Психанул Андрюха, пошёл распаковывать БК с минами.
Внезапно у Серёги в глазах потемнело. А может, глаза ни при чём, просто темно стало, как ночью. Встал, чтобы прийти в себя, к друзьям вернуться . Сделал пару шагов. Вроде, нормально - не водит, не шатает.
А вокруг всё совсем другое. Другие могилы. Другое кладбище.
И ночь...
Земля чужая... Может и не чужая, но другая...
И кладбище, воинское... Старое, советское ещё.
Огромное. И имена, имена на серых плитах...
Над кладбищем монастырь польский, как в воздухе парит над городком, где когда-то жили евреи и поляки. Украинским-то город стал уже в советское время...
Пошёл Серёга с фонариком вдоль могил. Всё ходил и ходил. Время текло, уходя в хруст песка под ногами. Вдруг понял, что ищет, сам того не думая, могилу своего прадеда. Разозлился.
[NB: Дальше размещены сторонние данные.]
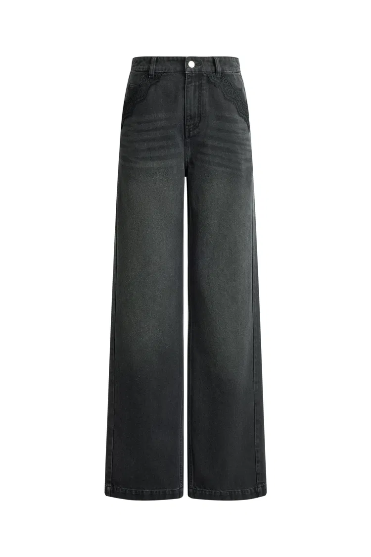Diese Jeans vereinen romantische Spitzenverzierungen mit einer klassischen, gerade geschnittenen Wide-Leg-Silhouette. Der weich gewaschene Baumwoll-DENIM macht sie alltagstauglich und sorgt für ein edles Finish.

Присел на одну из бесконечных кладбищенских плит. Закурил, чтобы прогнать озноб, преследовавший его с утра. Потом снова с фонариком...
Он же был здесь когда-то! Баба Галя просила: «Поедь, Серёжа, к папе моему, на могилку, с 1944 он там, погиб под Бродами...»
В прошлый раз Серёга ездил сюда тайно, по дороге с Западной, чтобы побратимы не видели. Могли ж не понять. Революция и Майдан были уже на подходе. Пожали друг другу руки на вокзале, во Львове, сказал пацанам, шо к «тёлкам» поехал.
В этот раз он могилы не нашёл. И отчего-то жалко стало ему и себя, и прадеда своего, которого только на фотографии и видел. Лежит где-то здесь... А мог бы жить...
- За жидов погиб - сказал себе Серёга внезапно, оглядываясь по сторонам. - Что ж ты так, дед?
Прошелестел ветер.
- Говно ты... - послышались Серёге слова, сказанные с какой -то безжалостной, безоговорочной и окончательной солдатской прямотой.
Серёга оглянулся, увидел старика какого-то. Усы длинные, казацкие вроде, но плащ-палатка, как на старых советских фото... Силуэт крепкий. Лицо скуластое.
- Ты чё? - удивлённо спросил, - ты мне?
Старик стоял спиной. Только легкий ветер играл краем его плаща...
- Давно, - кивнул старик на могилы, - Давно тут лежат... И не ходит никто...
Серёга выдохнул обиду.
- А то мне послышалось... Я ж из АТО сюда. Родину вот от сепаров защищаю.
Старик прищурился:
- А, может, и не послышалось тебе. Потому что всё-таки, говно ты, Серёжа. - кивнул он головой и, повернувшись, плавно и странно пошёл, даже поплыл вдоль серых, квадратных плит с именами...
- Стой, дед, - сказал Серега, оскорблённый таким приговором.
Но крепкий старик не реагировал, просто плыл вдоль, вдоль, по песчанной дорожке, в спину ему светила луна, истошно запел, почти завыл как-то страшно, соловей...
- Стоять, дед! - закричал Серёга, бросаясь за ним.
Эх! Умел бы Серёга держать себя в руках, может, и по-другому пошло бы дело. Но в краю, где он жил, это давно стало неприличным, вроде, как слабость. Частые революции медленно плавили людей, придавая им нужные качества. “Вежливые люди” - они-то с другой стороны совсем. Чужие. А настоящий революционер не дожен знать жалости.
Что будет, если он догонит странного старика, Серега не думал. Не вело его сейчас ничего, кроме ярости и внезапного бешенства.
Но чем быстрее бежал Серёга, тем быстрее скользил странный старик в плащ- палатке. Серёга не заметил, как дорожка кончилась, он бежал сквозь какие-то густые заросли кладбищенской сирени, ветки хлестали по щекам, тогда он начал закрывать лицо, теряя старика из виду.
Сирень закончилась внезапно, вдруг местность вновь оказалась знакомой. Курган и разрушенное обстрелом кладбище. Только пропал куда-то грязно-зелёный КрАЗ и побратимы с миномётом.
Старик легко взлетел на вершину. А у Серёги внезапно отяжелели ноги. Он не хотел вверх, знал же, знал, что не надо... Какая-то сила вытащила его и бросила наземь.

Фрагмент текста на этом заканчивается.